Going forward, Plaintiffs who decide to issue proceedings as a result of an alleged data breach will have the following options:
- They can issue a claim for a breach of their data protection rights under section 117 of the Data Protection Act 2018 claiming mental distress simpliciter. The court is now clear that this will result in a nominal award. Claimants will still have to reach a certain threshold of credibility to achieve such compensation, such that mere upset and annoyance as would be expected following a data breach will not alone be sufficient to obtain compensation.
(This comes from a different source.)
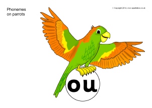 The Phase 5 suggested phonemes presented on different coloured cartoon parrots.

See our previous insights on analysis of claims for non-material damages.
- If a plaintiff has suffered more severe consequences as a result of the breach (i.e. a recognised psychiatric illness), they can proceed to go through the PIAB authorisation process. This will require medical evidence to support this aspect of their claim. Once an Authorisation has been issued by PIAB, the Plaintiff can then proceed to issue a Personal Injuries summons seeking damages for the alleged injury.
- A Plaintiff can issue a claim for material damages for a data breach, where the loss suffered is quantifiable. These types of claims do not require a PIAB Authorisiton (unless the Plaintiff is also pleading personal injury).
A link to the full judgment can be found here.
[1] Murray v. Budds [2017] IESC 4,
[2] (i) Change of approach by Germany to claims for non-material damage under the GDPR; (ii) Damages arising from a data breach: when is it really non-material?; (iii) Is distress, upset or anxiety a form of personal injury? - Supreme Court to hear appeal that will impact future of personal data breach claims
[3] See Murphy v Callanan [2013] IEHC 455 Croke v Waterford Crystal [2004] IESC 97, and Moorehouse v Governor of Wheatfield Prison [2015] IESC 21.